§ Task: The data below holds a line containing "This style features" and a line containing "Looking for the"; please quote exactly those two lines and every line between them, and nothing else.

[Stored records]
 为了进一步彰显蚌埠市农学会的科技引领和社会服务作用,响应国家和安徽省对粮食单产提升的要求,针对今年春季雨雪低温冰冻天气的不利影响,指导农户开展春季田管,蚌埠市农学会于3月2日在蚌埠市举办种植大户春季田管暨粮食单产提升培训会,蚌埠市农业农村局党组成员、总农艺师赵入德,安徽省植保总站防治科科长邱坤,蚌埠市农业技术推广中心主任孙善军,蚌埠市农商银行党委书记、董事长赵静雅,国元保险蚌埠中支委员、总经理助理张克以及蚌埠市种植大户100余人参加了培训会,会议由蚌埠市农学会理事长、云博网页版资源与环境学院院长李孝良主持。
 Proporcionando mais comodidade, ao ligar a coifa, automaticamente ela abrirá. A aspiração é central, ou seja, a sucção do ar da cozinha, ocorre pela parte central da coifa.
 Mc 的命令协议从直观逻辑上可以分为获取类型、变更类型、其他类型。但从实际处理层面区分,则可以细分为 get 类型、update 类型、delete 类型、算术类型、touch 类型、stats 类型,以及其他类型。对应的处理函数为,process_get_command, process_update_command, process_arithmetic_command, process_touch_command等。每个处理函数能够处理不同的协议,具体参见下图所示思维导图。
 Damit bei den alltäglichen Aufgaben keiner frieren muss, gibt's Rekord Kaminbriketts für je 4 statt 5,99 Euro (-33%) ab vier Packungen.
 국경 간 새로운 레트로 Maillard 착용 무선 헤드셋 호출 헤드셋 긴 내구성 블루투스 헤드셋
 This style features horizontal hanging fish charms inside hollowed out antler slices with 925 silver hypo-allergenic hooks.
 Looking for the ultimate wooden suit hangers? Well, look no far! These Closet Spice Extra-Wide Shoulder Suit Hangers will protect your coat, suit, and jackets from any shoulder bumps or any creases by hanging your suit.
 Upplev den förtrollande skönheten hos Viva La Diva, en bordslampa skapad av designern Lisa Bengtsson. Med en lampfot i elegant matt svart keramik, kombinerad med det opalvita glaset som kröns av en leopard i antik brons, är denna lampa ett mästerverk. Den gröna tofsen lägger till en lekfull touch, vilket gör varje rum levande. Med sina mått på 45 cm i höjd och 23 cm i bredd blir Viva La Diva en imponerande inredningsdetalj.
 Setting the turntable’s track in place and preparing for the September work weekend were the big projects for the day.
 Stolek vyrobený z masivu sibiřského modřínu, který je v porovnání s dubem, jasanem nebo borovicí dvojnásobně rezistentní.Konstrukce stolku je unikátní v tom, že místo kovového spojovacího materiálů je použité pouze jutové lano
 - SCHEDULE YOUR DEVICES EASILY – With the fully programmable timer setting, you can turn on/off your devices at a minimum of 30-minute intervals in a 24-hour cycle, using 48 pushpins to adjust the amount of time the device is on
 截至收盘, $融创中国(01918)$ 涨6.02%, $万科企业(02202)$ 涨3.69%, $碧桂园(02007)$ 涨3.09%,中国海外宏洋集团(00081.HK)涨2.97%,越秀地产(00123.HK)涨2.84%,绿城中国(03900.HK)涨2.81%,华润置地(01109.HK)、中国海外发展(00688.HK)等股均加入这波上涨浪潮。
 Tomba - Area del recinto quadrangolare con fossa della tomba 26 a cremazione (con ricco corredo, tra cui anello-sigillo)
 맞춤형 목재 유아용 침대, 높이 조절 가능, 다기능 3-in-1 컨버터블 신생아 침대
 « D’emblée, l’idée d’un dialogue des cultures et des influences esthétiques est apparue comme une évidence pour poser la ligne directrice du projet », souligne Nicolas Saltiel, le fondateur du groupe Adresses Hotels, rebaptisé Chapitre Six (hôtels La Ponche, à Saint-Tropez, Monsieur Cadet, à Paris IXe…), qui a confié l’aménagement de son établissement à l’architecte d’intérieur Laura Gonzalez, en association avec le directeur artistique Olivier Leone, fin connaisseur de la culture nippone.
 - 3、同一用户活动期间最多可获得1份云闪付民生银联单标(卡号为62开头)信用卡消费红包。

§ Solution:
 This style features horizontal hanging fish charms inside hollowed out antler slices with 925 silver hypo-allergenic hooks.
 Looking for the ultimate wooden suit hangers? Well, look no far! These Closet Spice Extra-Wide Shoulder Suit Hangers will protect your coat, suit, and jackets from any shoulder bumps or any creases by hanging your suit.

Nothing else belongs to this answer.